Thanks for the rotation! I do have one question....it's my understanding that Meso's build muscle easily, so why would a Meso need to repeat the weight sections twice? And for Endo's....I've been told build more muscle to burn more fat...so wouldnt an Endo benefit from repeating the weight segments twice instead of once?? I'm so confused....agghhh! And, by the way....HAPPY THANKSGIVING!!! I'm looking forward to the rotation!
I finally have time to answer these questions.
Stacy, the reason I have you doing the 4DS workouts twice is because these workouts only have 1 to 2 sets for each exercise. Meso's need at least 3 sets in the 8-10 rep range to build. With meso's the saying "less is best" is true, but you also have to give the body some kind of challenge. Doing 4DS only once through for building would not do the job.
Endo's need more cardio, not more weight work. Once they get their body to their goal weight, then they can build muscle.
I'm in!
I have a question though, overall I think I'm a meso. I'm quite short 4'9" and weigh less than 100 lbs. I am small boned, but not thin (I have curves). I carry any extra weight in my hips and thighs while my upper body leans out pretty easily. I'm newly 48 and these days it's extremely easy to for me to put on weight in my lower body and I've always had thigh issues. Should I go with the rotation as is, or make some adjustments?
Thanks so much for creating this rotation. I'm looking forward to giving it a try.
If you are a meso, just follow this as is. I think with two days of cardio and the floor work added into the leg workouts, this should tone up your lower body if you keep your eats clean. Do you know what calorie range you should be eating? Do you keep track of what you eat?
On the 26th you have GS shoulders is that just the shoulder work?

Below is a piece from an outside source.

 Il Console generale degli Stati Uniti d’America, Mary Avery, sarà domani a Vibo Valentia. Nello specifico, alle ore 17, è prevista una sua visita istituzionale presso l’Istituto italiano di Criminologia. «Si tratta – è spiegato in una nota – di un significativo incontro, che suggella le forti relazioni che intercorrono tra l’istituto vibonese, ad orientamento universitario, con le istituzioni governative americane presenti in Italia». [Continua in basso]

Hi Roxie. Yes, just do the shoulder work for this day. Then add in cardio and ab work.
Looks great Debbie!!
I've had gall bladder surgery and then a broken elbow and I'm ready to roll again!! This is my rotation starting today. Here's one question... when doing Day 1 4DS Back & Chest- Rounds 1 & 2 already repeat, do we repeat them again doing those exercises in those two rounds 4 times instead of 2??
Sami, yes, do them twice. The first 2 rounds are tough to get through but the last 3 only have two exercises in them. So doing rounds 1 and 2 twice through thoroughly fatigues the muscles for growth.

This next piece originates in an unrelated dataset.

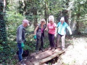 The Sunday work party opened up paths and made a bridge to cross one of the many ditches.

Debbie thanks. It's looks great. I have 2 questions.
1. Where would an apple fall in the body type family?
2. What if you fall into the half category? Half endo Half meso.
Jenn
Jenn, apple people are usually endo's I think. I have never been too good pin-pointing a specific "fruit" sized person. LOL! If you fall half endo half meso, just follow this rotation as planned.

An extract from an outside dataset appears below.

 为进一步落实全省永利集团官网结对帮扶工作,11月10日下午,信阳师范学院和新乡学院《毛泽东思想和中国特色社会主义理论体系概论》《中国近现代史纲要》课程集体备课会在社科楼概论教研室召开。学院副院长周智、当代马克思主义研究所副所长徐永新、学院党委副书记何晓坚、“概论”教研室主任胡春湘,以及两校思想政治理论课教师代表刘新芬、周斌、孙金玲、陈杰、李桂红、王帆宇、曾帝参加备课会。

I believe I'll be joining all of you as well. Debbie, thank you so much for your dedication to all this!!! YOU ROCK!
(Hi, Kathy G.....looking forward to hearing about ALL your running excursions again!
)
I do have 2 quick questions, for anybody willing to answer.
1.....the all-famous MORE cardio question....where, if anywhere, is extra ok?
2.....I'll be doing my 1RMs over the next week or 2, in prep for STS. It's not a problem to just toss in some 1RM tests, is it?
I'm pumped up and ready to go! See you all tomorrow!
Gayle
Gayle, if you want to add in more cardio just do the 4DS workouts once and add in a half hour of cardio on a few days. Don't over do it on the cardio, though. Or you can add in a half hour of cardio here and there during the week in the evenings if you want.
No, its not a problem to toss in some 1RM tests. Luckily with all the weight training I've done, I know my 1RM. There are calculators out there to help you figure them out too.
This may be a dumb question but...in weeks 1 and 3 when it calls for the 4 DS work do we just do the weight work and not the cardio on those DVDs?
Thanks!!
Yes, just the weight work.
Debbie -
For the Endomorph... basically you're saying that on week 1 we'd do the 4DS weight work 'as is' (no doubles) and add in 30 - 45 minutes of cardio... so we could do the workouts 'as is'... weights first, then cardio (so... Legs/Kickbox) and then on cardio days it should stay in the 30-45 minutes and not the hour-long cardio.
I assume that on weight days you can do the cardio later on in the day, correct?
Gibbee
Yes Gibbe, that is correct. Do the workouts as is or add in your own 30 minute cardio. And yes, drop the hour cardio days to only 30-45 minutes.
And yes, you can break these workouts up if you have too, although it's best do to it all at once.
Dani - Thanks for posting that breakdown.